Salt Lake will light up for the holidays
Downtown events usher in Christmas season
Downtown Salt Lake City will be ablaze with holiday decorations starting Friday night as hundreds of thousands of lights go on at Temple Square, the adjacent LDS campus, the Gallivan Center, The Gateway and along many city streets.
No formal program is planned for the Temple Square lights this year. All downtown lights, including those on Temple Square, are expected to be turned on sometime after 6:30 p.m. Friday except on the Conference Center and LDS Church administration blocks, where lights will be switched on at dusk.
The Gallivan Center, 239 S. Main, will offer its 12th annual lighting of the plaza, 6 to 7 p.m., on Friday. The plaza will feature 900 strands of lights, 75,000 light bulbs and the use of more than 340 electrical outlets. Musical entertainment, a visit from Santa and skating on the ice rink are among the festivities planned.
KUTV-Channel 2 will have a live 30-minute broadcast, 6:30 p.m., at Gallivan Plaza.
Santa and Mrs.
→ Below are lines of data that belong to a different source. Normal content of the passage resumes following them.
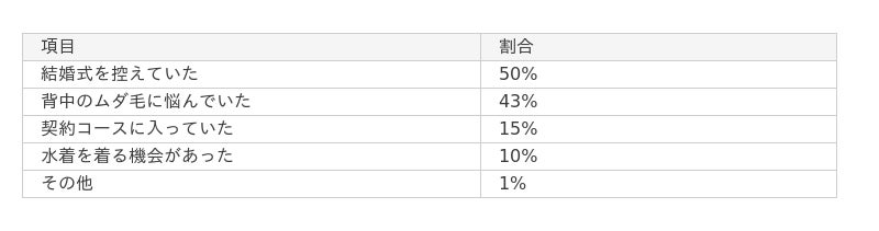 この結果から、背中の開いたドレスや水着など、肌の露出が増えるイベントをきっかけに、医療脱毛を検討・実施する傾向が高いことが分かります。
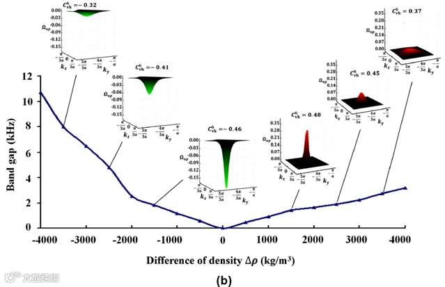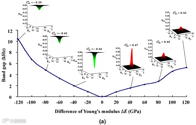 图4 材料参数连续变化时贝利曲率、谷陈数和带隙的演化过程:(a)杨氏模量, (b)密度
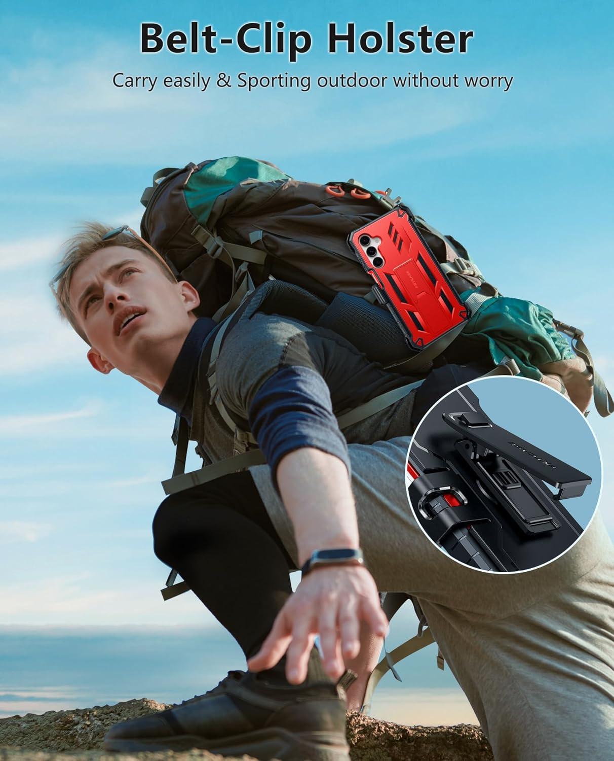 FNTCASE for Samsung Galaxy A16-5G Case: Military Grade Rugged Cell Phone Cover with Kickstand & Holster | Shockproof TPU Protection Bumper Matte Textured Design for Galaxy A16 Cases 6.7 inch – Black(Red)

Claus will be riding the "Jingle Bus" around downtown Friday night.
At 6:30 p.m., Santa will arrive outside Meier and Frank, with Christmas caroling and entertainment. To help warm up the evening, Meier and Frank will offer free hot cider and gingerbread cookies beginning at 6 p.m.
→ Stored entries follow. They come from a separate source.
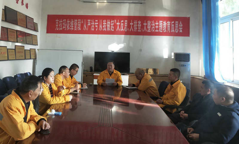 圖為克拉瑪依維管段開展“從嚴(yán)治虧、從我做起”主題教育反思會現(xiàn)場
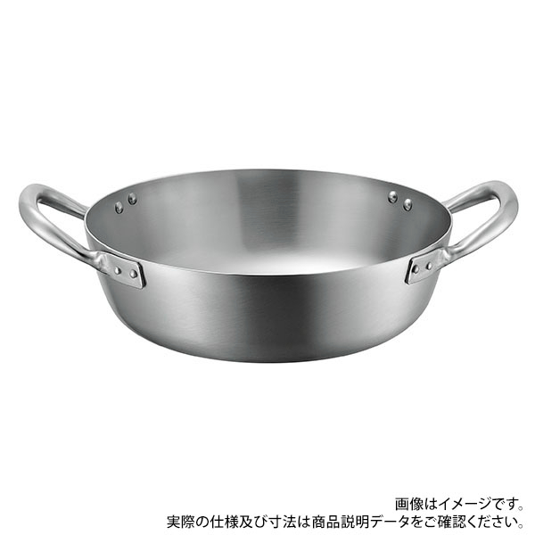| 商品規格 | サイズ:内径φ300×高さ85mm、板厚2.0mm 材質:[本体]SUS410、[取手]SUS304(18-8ステンレス) 容量:5.5L |
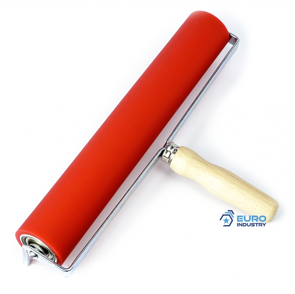 Professional Ink-and Press Roller of 50mm diameter and 300mm width with support.An ever increasing demand in the graphics industry, handicrafts and for the very professional artist area for even higher quality inking and pressure rollers prompted us to revise them.In addition to the already very good axle bolt bearings in the polyamide bearing, there are now the well-proven ABIG inking and pressure rollers with ball bearings and continuous aluminum axle.Aluminum core with the special rubber roller (water and oil resistant)These rollers are also well suited for extremely high pressure loads when working in the craft sector.Technical information:Ink-and Press roller Ø 50mmWidth: 300mmAluminum axle.Ball bearings.Support feet.Weight: 961g. Information on product safety (Manufacturer, Contact)ABIG, Im Dinkelacker 18, D-72218 Wildberg-Sulz, GERMANY, 0049 (0)7054.8149, , www.abig.de
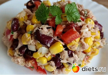 Болгарский перец и лук мелко нарезать. Тунец размять вилкой. Всё ингредиенты смешать. Посолить, поперчить... Читать полностью
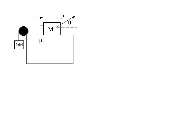Example with friction and two objects A block of mass M is moving to the right on a rough horizontal surface because a pulling force of magnitude P is applied to the block at an angle of θ with respect to the horizontal. The block remains in contact with the surface at all times, and the coefficient of kinetic friction between block and surface is μ. The block is connected to the end of a massless string that runs over a massless frictionless pulley. A block of mass ½M is suspended from the other end of the string. Derive an expression for the tension in the string. If we don’t have enough time in lecture to finish working through the problem, please see video on the course website.

The third annual "Light Up the Night Concert," featuring special guest Kurt Bestor, will begin at 7 p.m. at the Olympic Legacy Plaza at The Gateway.
The public can sing along to holiday carols, enjoy complimentary hot chocolate and get into the holiday spirit. Members of the University of Utah Singers, Brady Allred conducting, and the 95th Infantry Auxiliary Band will add to the music.
According to Brent Roberts, director of headquarter facilities for the LDS Church, there is nothing new this year in the Temple Square and adjoining holiday light displays.
The lights an estimated 700,000 will be turned on daily beginning Friday and continuing through midnight on Sunday, Jan. 2. The lights will be switched on each night at dusk and remain on until at least 10 p.m., longer if special events are being held on Temple Square.
"We coordinate the best we can," Roberts said of the relationship with other downtown holiday lights.
He said crews begin putting up the thousands and thousands of LDS Church lights in September, trying to spread the work out and avoid an overtime crunch in November.